Regarding xfs_buf_alloc_pages(), it is not using __GFP_ACCOUNT and
vmalloc() is the only __GFP_ACCOUNT user at this point. So, not an
issue for now but I suppose it is better to be future-proof and do the
'goto failed'.
Let me know what you think.
On 14.10.2021 18:23, Johannes Weiner wrote:
> On Thu, Oct 14, 2021 at 08:01:16AM -0700, Shakeel Butt wrote:
>> Regarding xfs_buf_alloc_pages(), it is not using __GFP_ACCOUNT
>
> It probably should, actually. Sorry, somewhat off-topic, but we've
> seen this consume quite large amounts of memory. __GFP_ACCOUNT and
> vmstat tracking seems overdue for this one.

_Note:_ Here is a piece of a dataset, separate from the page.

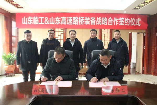 1月18日,山东南宫NG·28(中国)相信品牌力量与山东高速路桥装备有限公司举行战略合作签约仪式。公司董事长王志中会见山东高速路桥董事长左国胜一行。山东高速路桥副总经理韩军与山东南宫NG·28(中国)相信品牌力量总经理助理唐俊斌代表双方在战略合作协议上签字。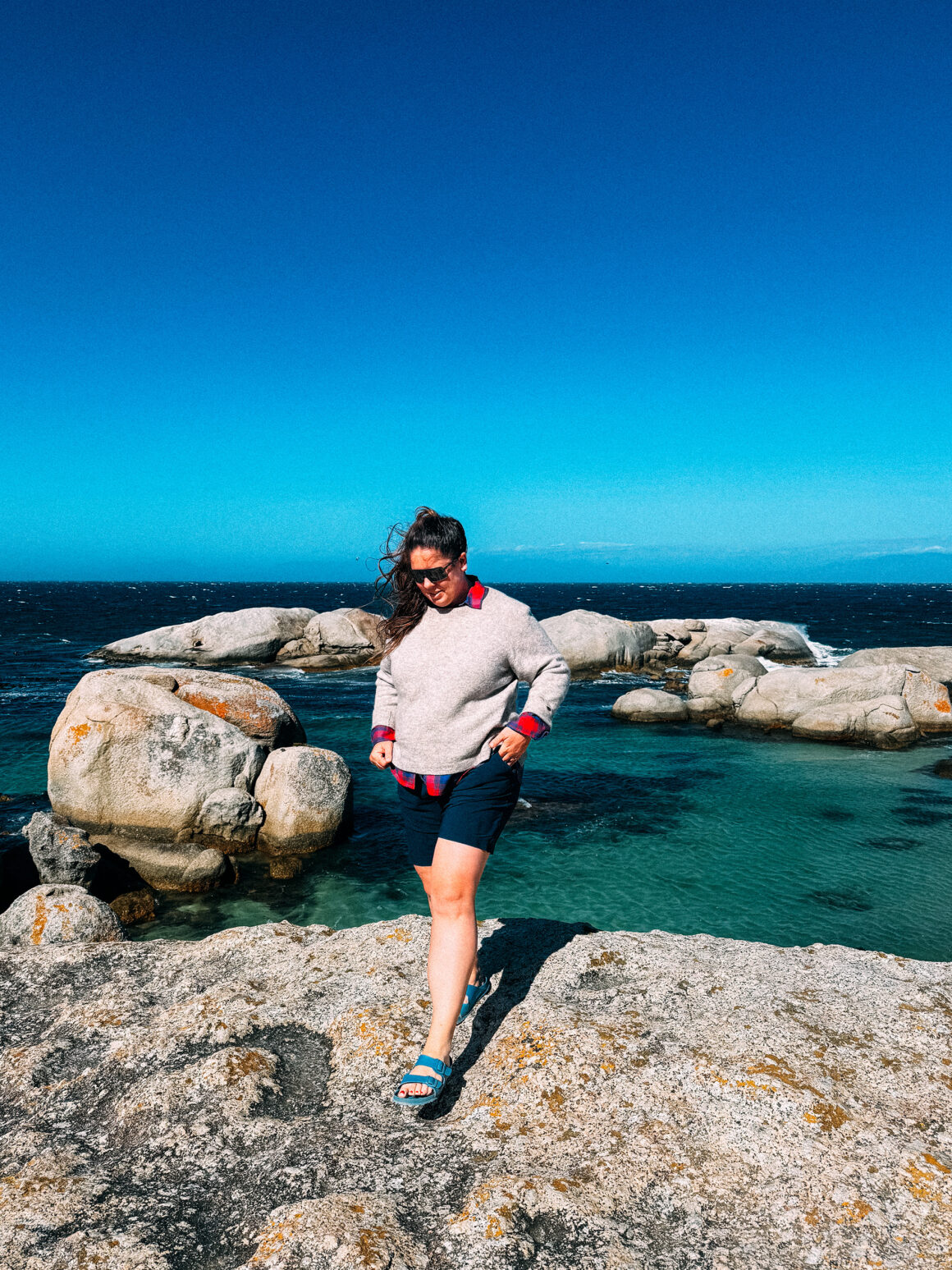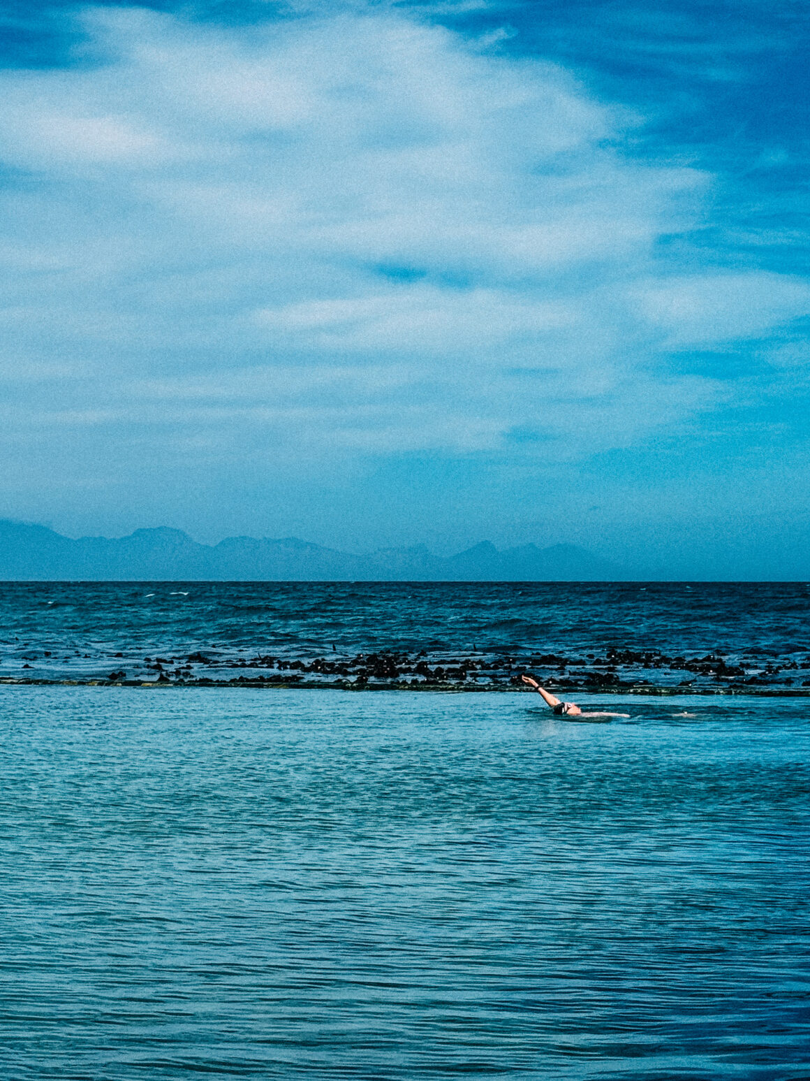 Vi badade i tidal pools Kalk Bay, där poolerna ligger precis vid strandpromenaden men också intill tågrälsen. Här samlas människor i alla åldrar: några simmar längder, andra doppar sig snabbt på väg hem från jobbet. Vattnet är kallt, och påminner lite om sommarbad där hemma. Ibland slår vågorna över kanten, ibland passerar ett tåg. Det är stort hav och trafik som krockar på ett rätt så fint sätt.

If this will be required, you can use
[PATCH mm v5] memcg: enable memory accounting in __alloc_pages_bulk
https://lkml.org/lkml/2021/10/14/197
As far as I understand it will not be used right now,
however I decided to submit it anyway, perhaps it may be needed later.
Thank you,
Vasily Averin
On Thu, Oct 14, 2021 at 08:01:16AM -0700, Shakeel Butt wrote:
> Regarding xfs_buf_alloc_pages(), it is not using __GFP_ACCOUNT
It probably should, actually. Sorry, somewhat off-topic, but we've
seen this consume quite large amounts of memory. __GFP_ACCOUNT and
vmstat tracking seems overdue for this one.